Speaking with Mobile Marketing Watch, Ad Age‘s Matt Crenshaw had plenty to add on the matter. “When the concept of native advertising first gained widespread attention in 2012, it was expected to life publishers’ fortunes and rescue digital advertising from the perpetual downward slide of display ad rates,” he said. “Fast-forward three years, and native has largely delivered on that promise.

“When executed well, with time and care put into ensuring the content is in the right tone and has the right message, native formats blend into vertical streams in a manner that’s much less disruptive to users (while still marked as ‘sponsored’ so as not to be deceptive),” he said. “Meanwhile, publishers get ad inventory that users will actually look at and engage with, instead of reflexively ignoring, as many of us have trained ourselves to do with right-rail display ads.”

The solution in Crenshaw’s mind lies shifting the goal of brands to focus on quality and engagement rather than just views and scalability. “As native ads move toward real-time bidding and programmatic processes, they’re looking a bit like Frankenstein in some cases,” says Crenshaw. “I’m talking about display ads that have been broken down into component parts — an image, a headline, a snippet of content and a brand logo, for instance — and automatically reassembled and injected into a publisher’s content stream.

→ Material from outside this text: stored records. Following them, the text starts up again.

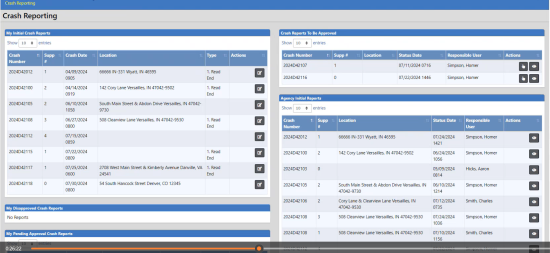 From the Crash Reporting landing page, users may search existing crash reports, see initial crash reports and reports pending approval, and view approved/disapproved crash reports.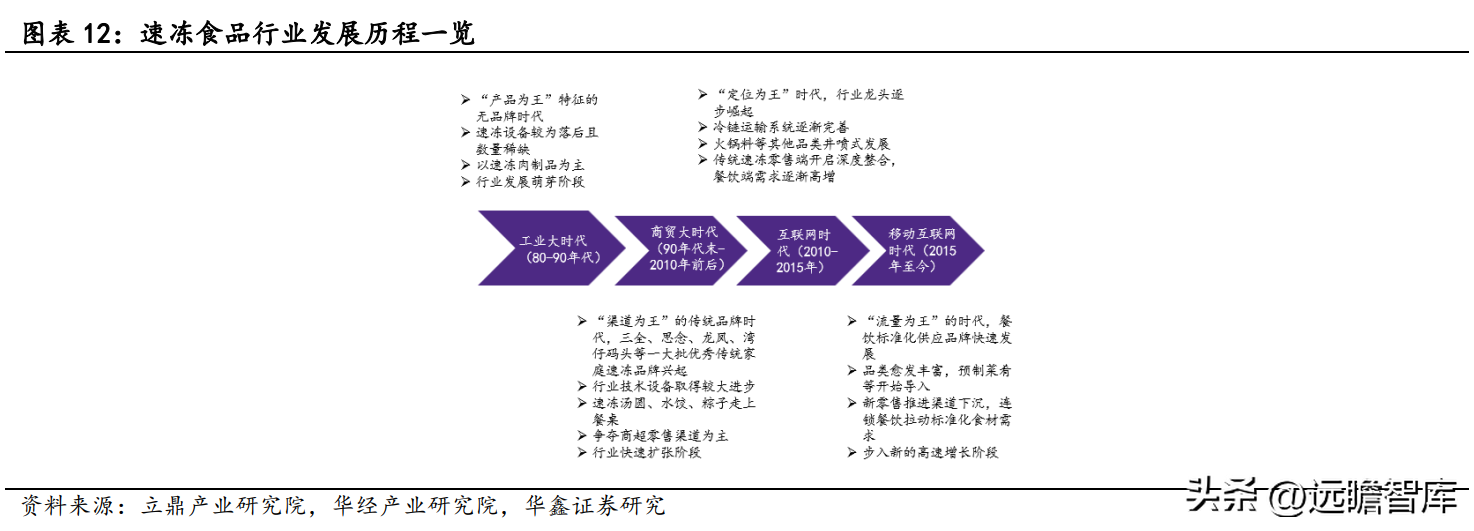 速冻食品行业发展可分为四个阶段: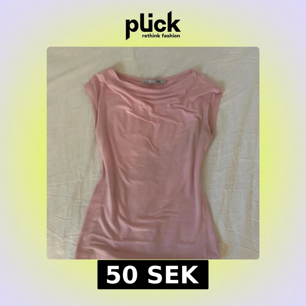 En enkel och stilren ljusrosa topp med rund halsringning och ärmlös design. Tröjan är använd ett fåtal gånger men är i bra skick!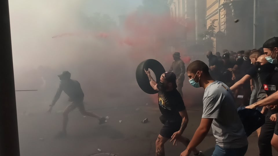 «Участники акций протеста на Банковой не захотели пройти проверку на содержание опасных предметов перед допуском к ОПУ и спровоцировали столкновения с силами правопорядка», - сообщил Артем Шевченко.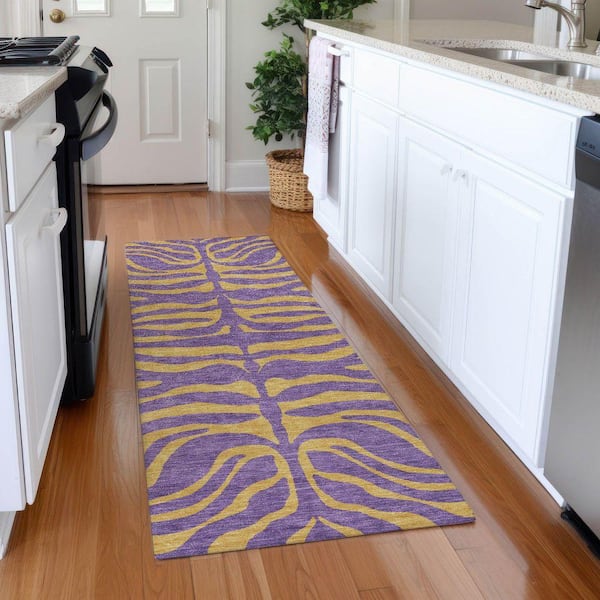 Mayfield Premium Machine Washable Abstract AMF1043 Purple 2 ft. 3 in. x 7 ft. 6 in. Runner Rug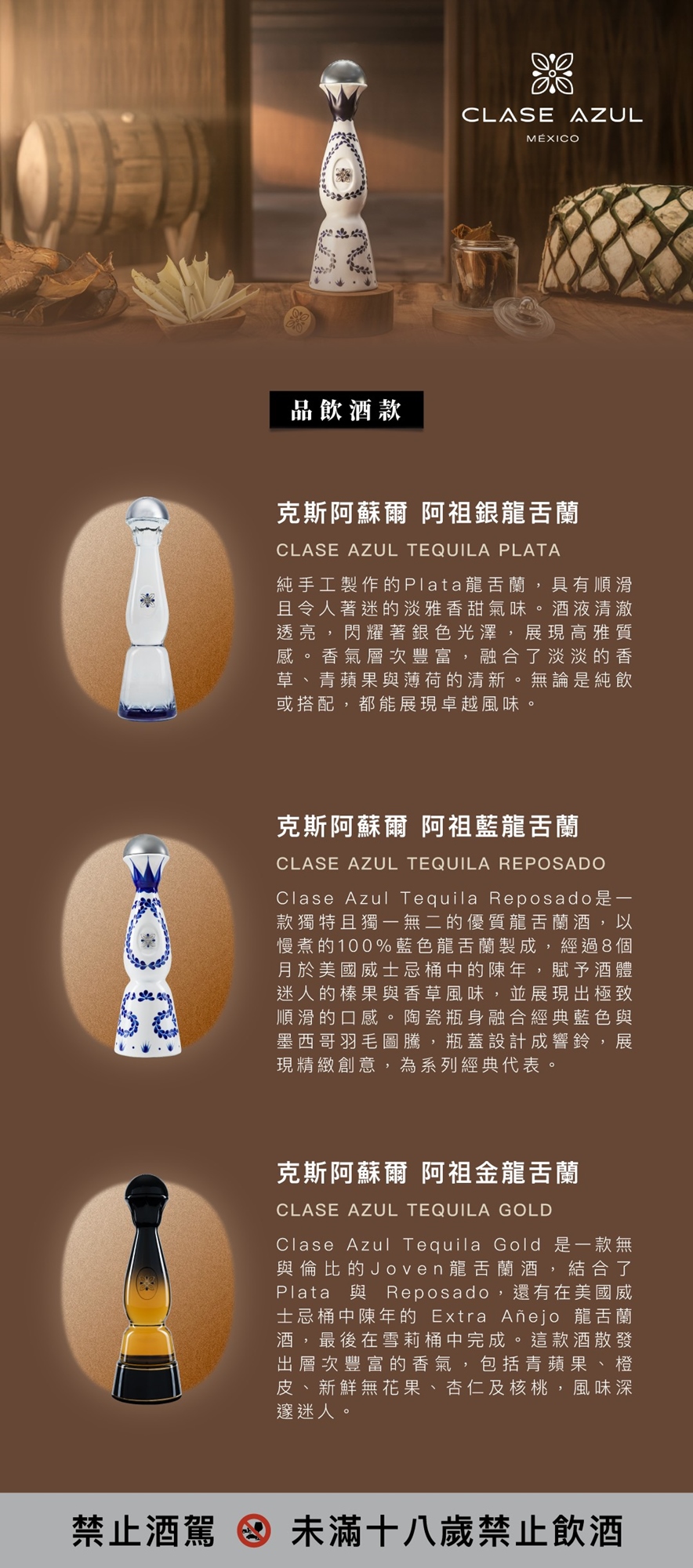 Clase Azul 阿祖龍舌蘭,被譽為「龍舌蘭界的愛馬仕」。以100%藍色龍舌蘭釀製、於墨西哥哈利斯科州波本桶熟成,酒體醇厚香郁。其瓶身由工匠手繪陶瓷打造,結合藝術與品味,是收藏與品酩者心中的經典。活動中,烈酒講師珮喻將帶領您品味三款經典佳釀,感受其獨特魅力與極致風味。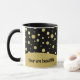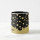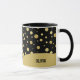 A chic mug for the fashion-conscious, this design features a gold polka dot pattern over a contrasting black background. Simply edit the sample text with your text or name on the other side.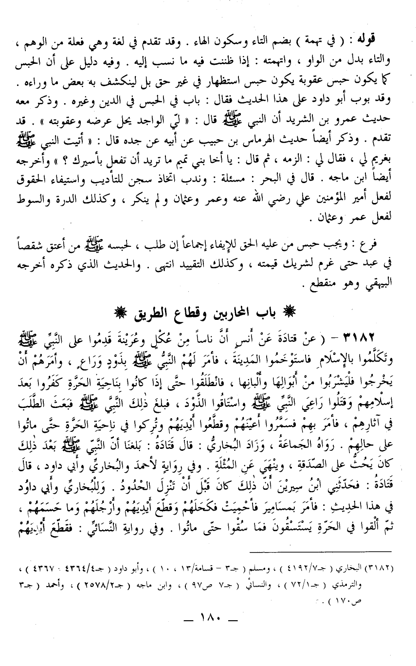 3182 - (عَنْ قَتَادَةَ عَنْ أَنَسٍ «أَنَّ نَاسًا مِنْ عُكْلٍ وَعُرَيْنَةَ قَدِمُوا عَلَى النَّبِيِّ - صَلَّى اللَّهُ عَلَيْهِ وَسَلَّمَ - وَتَكَلَّمُوا بِالْإِسْلَامِ فَاسْتَوْخَمُوا الْمَدِينَةَ، فَأَمَرَ لَهُمْ النَّبِيُّ - صَلَّى اللَّهُ عَلَيْهِ وَسَلَّمَ - بِذَوْدٍ وَرَاعٍ، وَأَمَرَهُمْ أَنْ يَخْرُجُوا فَلْيَشْرَبُوا مِنْ أَبْوَالِهَا وَأَلْبَانِهَا، فَانْطَلَقُوا حَتَّى إذَا كَانُوا بِنَاحِيَةِ الْحَرَّةِ كَفَرُوا بَعْدَ إسْلَامِهِمْ وَقَتَلُوا رَاعِيَ النَّبِيِّ - صَلَّى اللَّهُ عَلَيْهِ وَسَلَّمَ - وَاسْتَاقُوا الذَّوْدَ، فَبَلَغَ ذَلِكَ النَّبِيَّ - صَلَّى اللَّهُ عَلَيْهِ وَسَلَّمَ - فَبَعَثَ الطَّلَبَ فِي آثَارِهِمْ، فَأَمَرَ بِهِمْ فَسَمَرُوا أَعْيُنَهُمْ وَقَطَّعُوا أَيْدِيَهُمْ وَتُرِكُوا فِي نَاحِيَةِ الْحَرَّةِ حَتَّى مَاتُوا عَلَى حَالِهِمْ» . رَوَاهُ الْجَمَاعَةُ، وَزَادَ الْبُخَارِيُّ: قَالَ قَتَادَةُ: بَلَغَنَا أَنَّ النَّبِيَّ - صَلَّى اللَّهُ عَلَيْهِ وَسَلَّمَ - بَعْدَ ذَلِكَ كَانَ يَحُثُّ عَلَى الصَّدَقَةِ، وَيَنْهَى عَنْ الْمُثْلَةِ.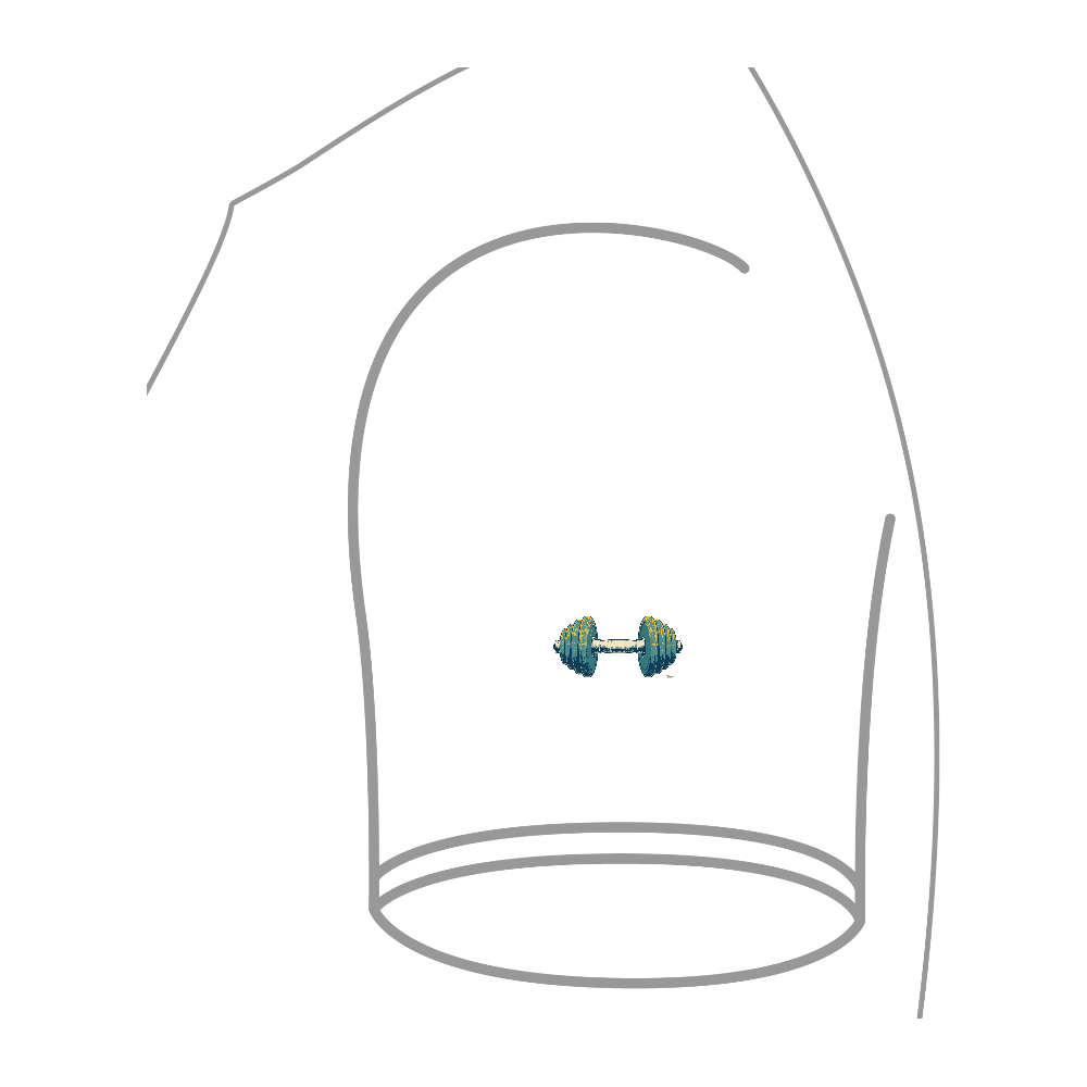 かすれたような暗めのターコイズブルーの文字と、左袖にいるダンベルがより筋トレ感を演出

As a result, they’re frequently clumsy and appear out of context.”

Quality of content can make a difference. “When executed well by traditional publishers, usually when they’re selling it directly and producing it in-house, native advertising can deliver quality storytelling and also be highly effective,” Crenshaw stated. “The crucial ingredient is content that people actually want to read, as opposed to a direct-response display ad that’s been shoehorned into a content module.”